Ketika Laki-Laki Shalih Datang Untuk Meminang
Apabila seorang laki-laki yang shalih dianjurkan untuk mencari wanita muslimah ideal -sebagaimana yang telah kami sebutkan- maka demikian pula dengan wali kaum wanita. Wali wanita pun berkewajiban mencari laki-laki shalih yang akan dinikahkan dengan anaknya. Dari Abu Hatim al-Muzani radhiyallaahu ‘anhu, ia berkata, “Rasulullah shallallaahu ‘alaihi wa sallam bersabda,

إِذَا جَاءَكُمْ مَنْ تَرْضَوْنَ دِيْنَهُ وَخُلُقَهُ فَانْكِحُوْهُ، إِلاَّ تَفْعَلُوْا تَكُنْ فِتْنَةٌ فِي اْلأَرْضِ وَفَسَادٌ كَبِيْرٌ.

“Jika datang kepada kalian seseorang yang kalian ridhai agama dan akhlaknya, maka nikahkanlah ia (dengan anak kalian). Jika tidak, maka akan terjadi fitnah di bumi dan kerusakan yang besar.’” [5]
 

Sabtu, 14 April 2012

Alhamdulillah Prosesi Khitbah sudah terlaksana. Keluarga besar dari bapak Sapari datang ke keluarga besar Bapak Bohari di Jl. Bintara VI No.3 pada hari Sabtu, tanggal 14 April 2012. Dengan ini maka Riska Nur Barokah telah resmi di khitbah oleh Atut Priyono.

_________________________________________________________________
Footnote
[1]. Hadits shahih: Diriwayatkan oleh al-Bukhari (no. 5142) dan Muslim (no. 1412), dari Shahabat Ibnu ‘Umar radhiyallaahu ‘anhuma.

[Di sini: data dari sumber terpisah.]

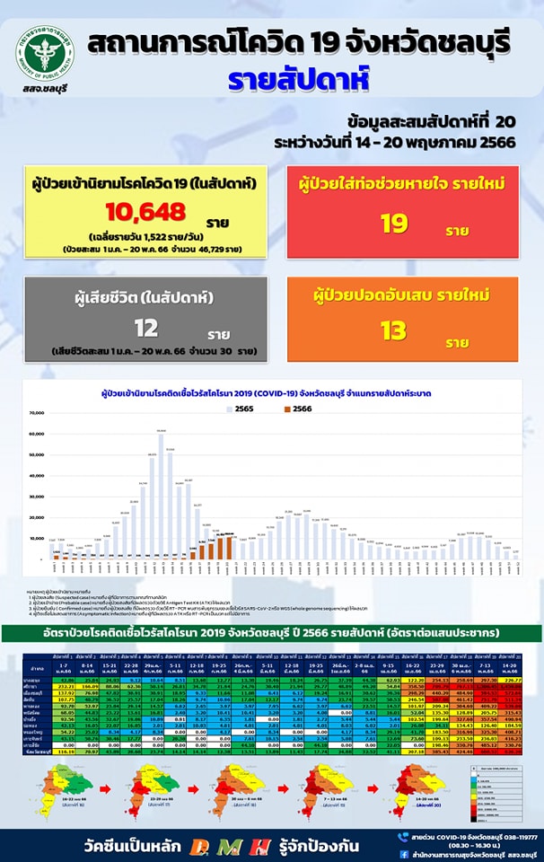 ビーチリゾートのパタヤや日系企業が多く進出するシラチャを有するチョンブリ県は2023年5月22日、5月14日~20日の1週間で新たに10,648人の新型コロナウイルス陽性を確認し、12人が死亡したことを明らかにしました。13人が肺炎の治療を受けており、19人が酸素吸入を必要としています。

Lafazh ini milik al-Bukhari.
[2]. Hadits shahih: Diriwayatkan oleh Ahmad (III/334, 360), Abu Dawud (no. 2082) dan al-Hakim (II/165), dari Shahabat Jabir bin ‘Abdillah radhiyallaahu ‘anhuma.
[3]. Hadits shahih: Diriwayatkan oleh at-Tirmidzi (no. 1087), an-Nasa-i (VI/69-70), ad-Darimi (II/134) dan lainnya. Dishahihkan oleh Syaikh al-Albani rahimahullaah dalam Shahiih Sunan Ibni Majah (no. 1511).
[4]. Lihat pembahasan masalah ini dalam Syarhus Sunnah (IX/17) oleh Imam al-Baghawi, Syarh Muslim (IX/210) oleh Imam an-Nawawi, Silsilah al-Ahaadiits ash-Shahiihah (I/97-208, no. 95-98) oleh Syaikh al-Albani, al-Mausuu’ah al-Fiqhiyyah al-Muyassarah (V/34-36) oleh Syaikh Husain bin ‘Audah al-‘Awayisyah dan Fiqhun Nazhar (hal. 82-89).
[5]. Hadits hasan lighairihi: Diriwayatkan oleh at-Tirmidzi (no. 1085). Lihat Silsilah al-Ahaadiits ash-Shahiihah (no. 1022).